#### DATA
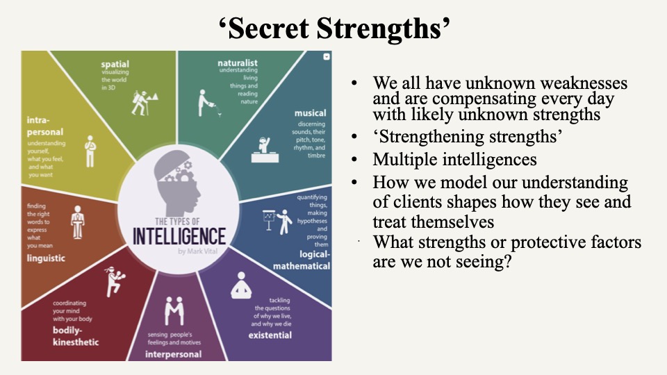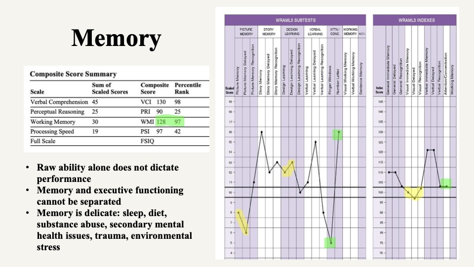 These varying cognitive presentations, determined by a combination of genetics, environmental factors, and personal history, shape a unique intellectual landscape for every client. As an examplf of a cognitive split, one may have a flair for articulating thoughts, but struggle with tasks requiring visual-spatial skills or non-verbal understanding. Conversely, another may have strong spatial abilities yet falter with verbal and written communication tasks. Current research and clinical insights indicate that cognitive splits are more widespread than previously acknowledged (Margolis et. al, 2020). These intellectual disparities often lurk behind overt behaviors or are obscured by the individual’s own compensatory strategies.
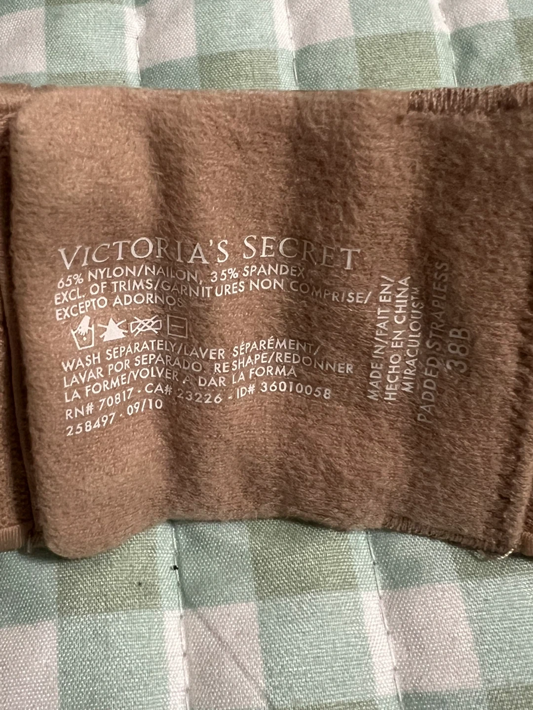Victoria's Secret Miraculous Padded Strapless Push-up Bra in size 38B. The bra is made of 65% nylon and 35% spandex. Includes removable straps.
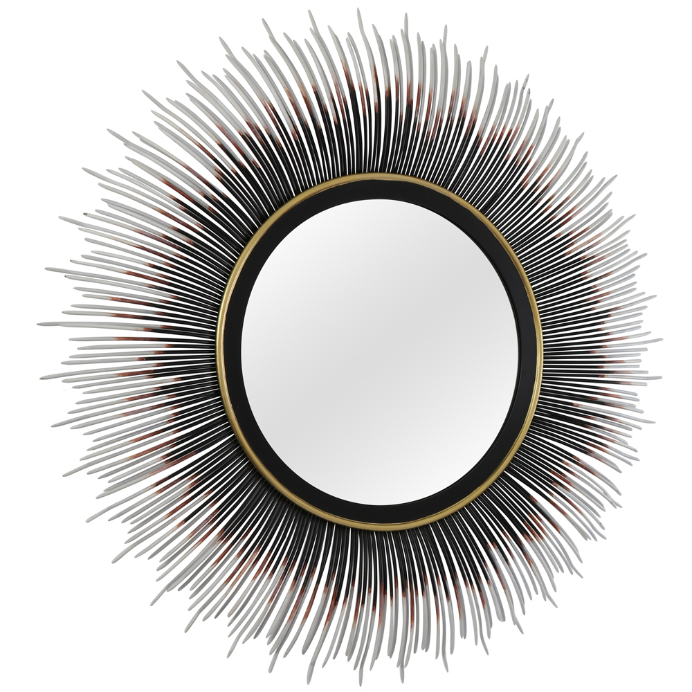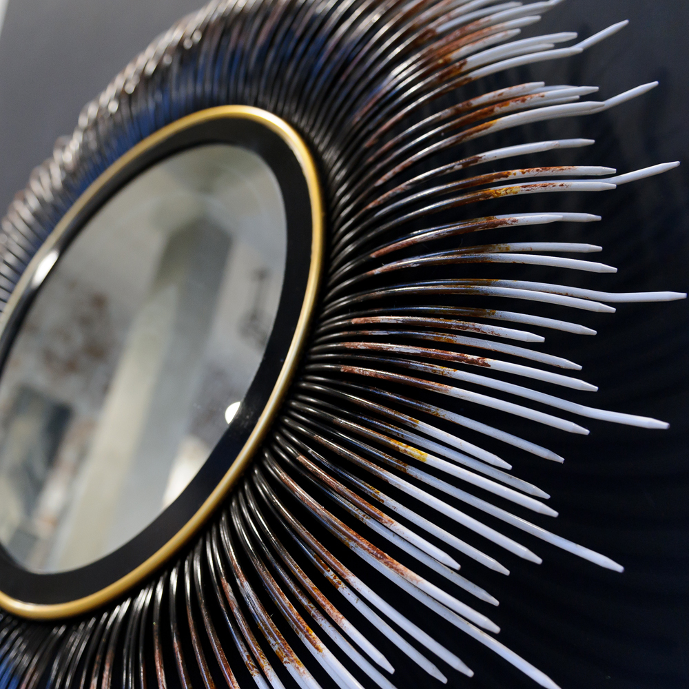 Зеркало Медея удивляет рамой, состоящей из тонких лучей, сходящихся по окружности в удивительно ровные клинья. Их выпуклая форма и равномерный черно-белый раскрас задают объемность и искусственный отблеск. Романтичность и гармония - желанный выбор любого интерьера. Размер зеркального полотна: Ø 41 см
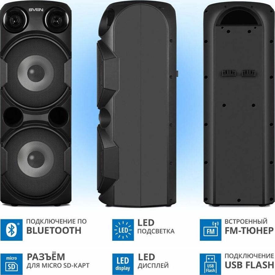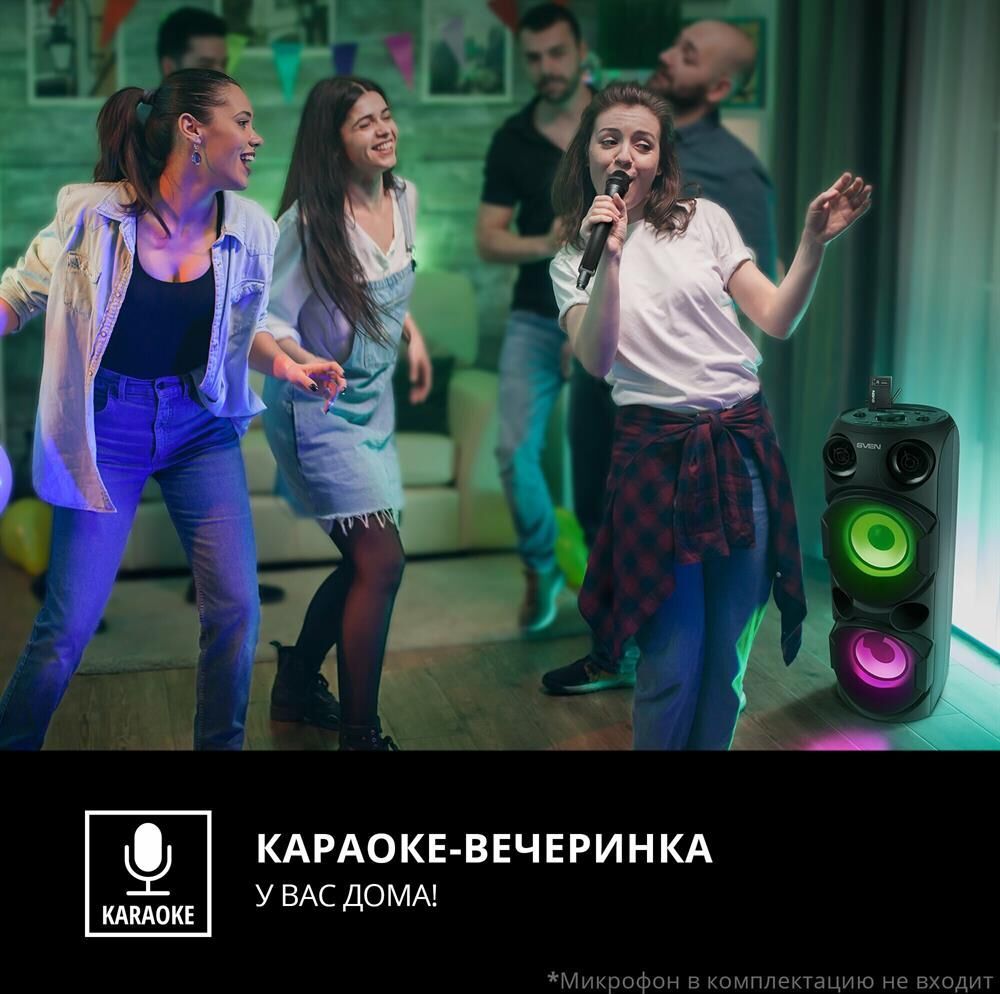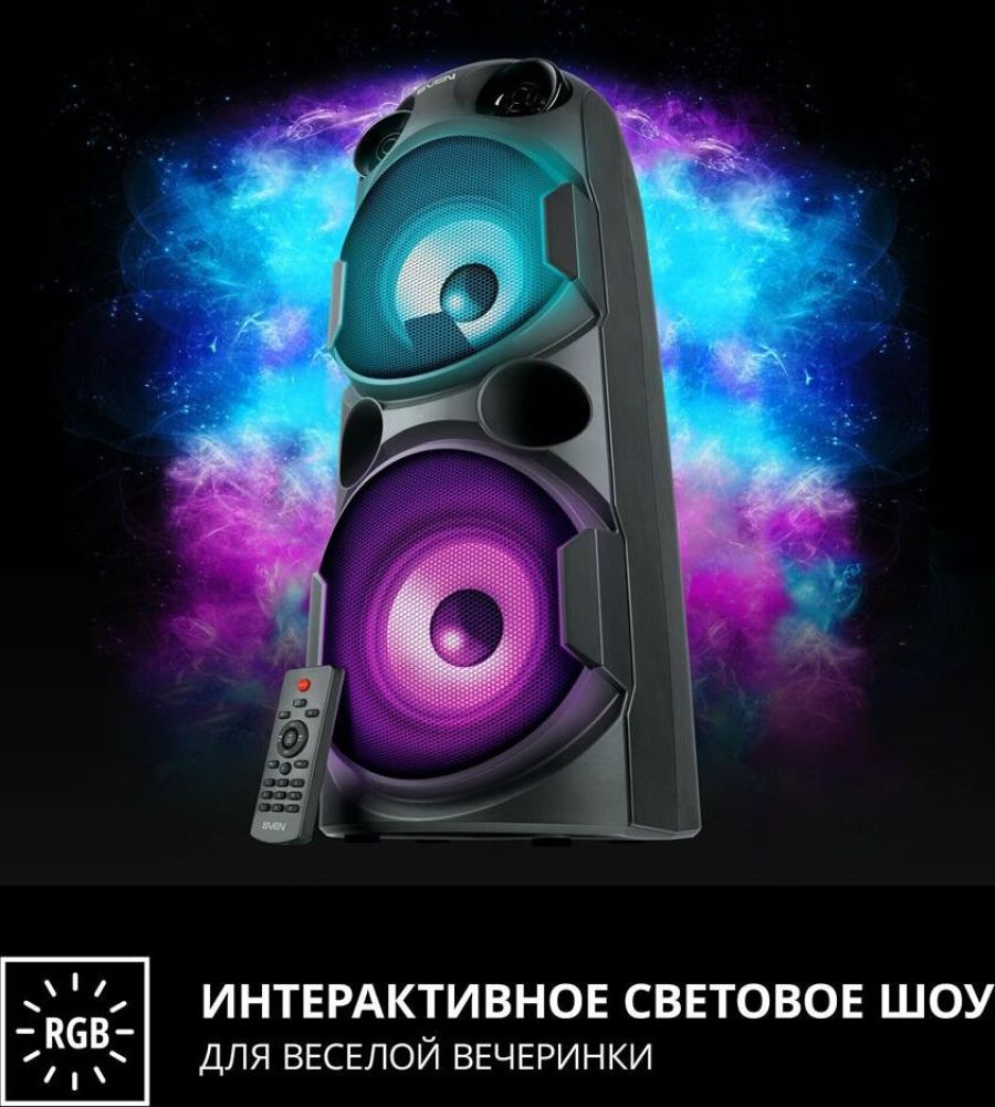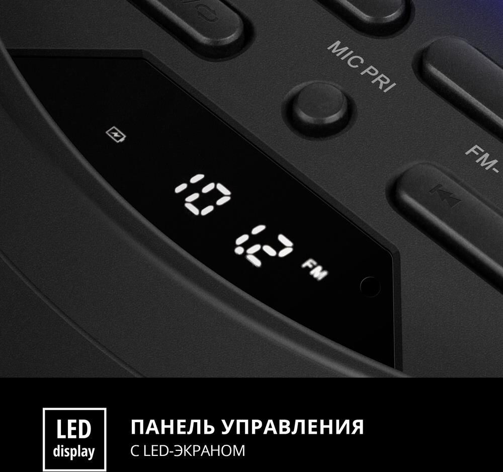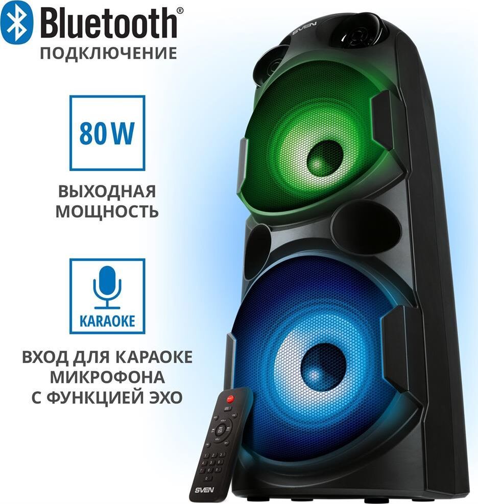 домашняя аудиосистема, система All-in-One, Основной цвет черный, Формат акустической системы 1.0, Мощность 80 Вт, Количество полос фронтальной акустики 2, Частотный диапазон 45 Гц - 22 кГц, Материал корпуса акустики пластик, Тип проигрывателя USB, Воспроизведение с USB накопителей, Поддерживаемые форматы WMA , MP3 , WAV , FLAC, Радиоприемник FM (87.5 - 108 МГц), Дисплей, Караоке, Регулировки- громкость эха , громкости микрофона , эквалайзер, LED подсветка колонок, Тип проводного соединения 3.5 jack , 6.3 jack, Беспроводные интерфейсы Bluetooth, вход для микрофона х 2, Устройство для чтения карт памяти SD, Питание от аккумулятора, Ёмкость встроенной батареи 8800 мА*ч, Напряжение питания 5В, Комплектация FM-антенна , пульт ДУ , документация , кабель питания, режим TWS , диаметр НЧ динамика 145 мм , диаметр ВЧ динамика 32 мм, ширина основного блока 230 мм, Высота основного блока 640 мм, Глубина основного блока 260 мм, Общий вес 5.2 кг

#### DIRECTIONS
All that is wanted is the run of lines from the start of the material through the line that holds "Victoria's Secret Miraculous", retyped exactly, with no pictures.

#### OUTPUT OF THE TASK
 These varying cognitive presentations, determined by a combination of genetics, environmental factors, and personal history, shape a unique intellectual landscape for every client. As an examplf of a cognitive split, one may have a flair for articulating thoughts, but struggle with tasks requiring visual-spatial skills or non-verbal understanding. Conversely, another may have strong spatial abilities yet falter with verbal and written communication tasks. Current research and clinical insights indicate that cognitive splits are more widespread than previously acknowledged (Margolis et. al, 2020). These intellectual disparities often lurk behind overt behaviors or are obscured by the individual’s own compensatory strategies.
Victoria's Secret Miraculous Padded Strapless Push-up Bra in size 38B. The bra is made of 65% nylon and 35% spandex. Includes removable straps.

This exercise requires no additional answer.